Today we have produced a fungal draft genome assembly. You can see that there are a number of steps in the process, and that many choices must be made along the way, based on input data types, genome characteristics of the focal organism, and the quality of the assembly produced.

While we’ve done a lot of work to get to produce this draft assembly, there is still more that can be done before a genome is published or used for downstream research. Take a look at the detailed workflow below. Which steps did we complete today? How many more steps could we work through? A lot of work goes into producing a high-quality genome assembly!

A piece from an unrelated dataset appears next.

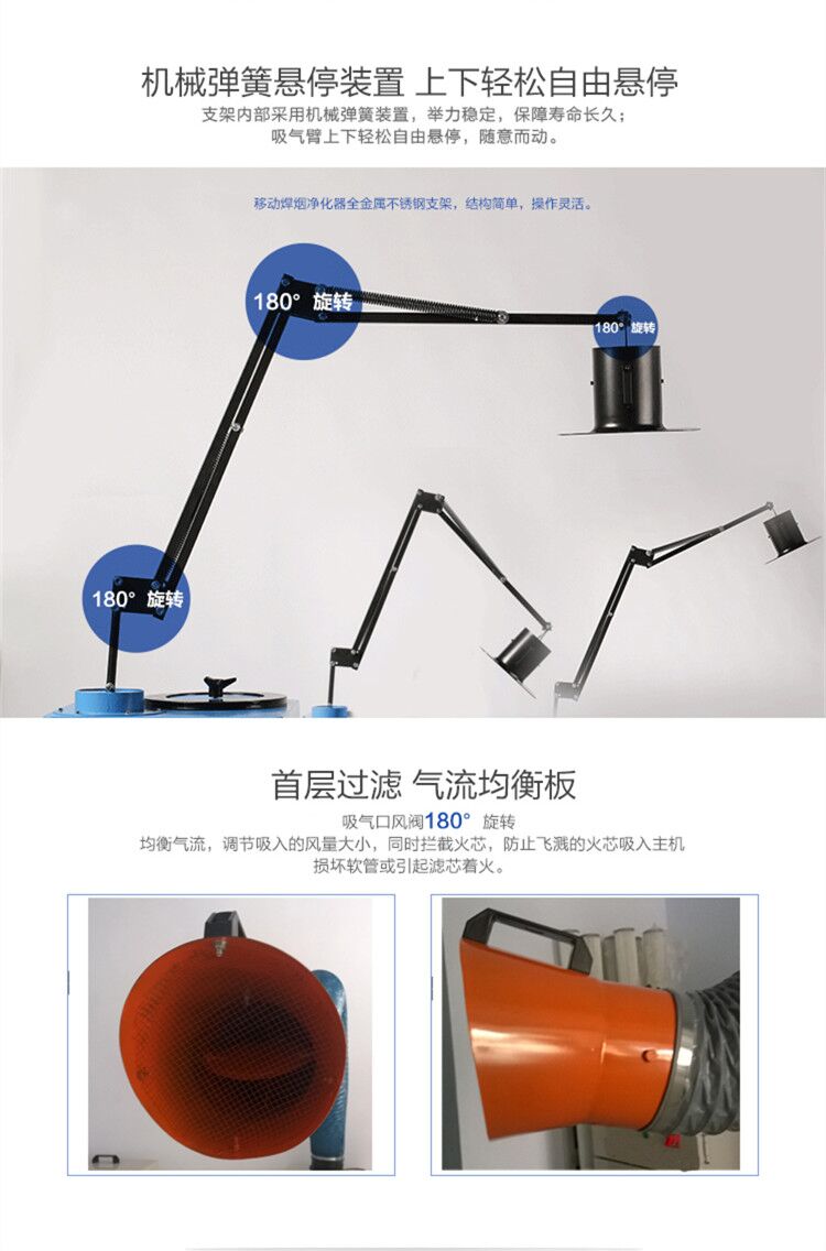 5、利用可360度隨意活動的萬向吸臂,可從煙氣發(fā)生處吸除煙氣,大大提高了煙塵的收集率,保證了作業(yè)人員的健康。

A detailed workflow describing the processes and decision-making in a genome assembly workflow. Note the additional complexity compared with the visualisation in the Introduction. Jung et al. 2020, PLoS Computation Biology, https://doi.org/10.1371/journal.pcbi.1008325.

Key Points

  • Multiple rounds of polishing using different data sets can improve the accuracy of a genome assembly, and is particularly important when assemblies are produced using Nanopore data.

  • We have done a lot of work to get our genome assembly to this stage, but there are a number of downstream processes that can be done that can further improve the assembly and make it more useful for biological research.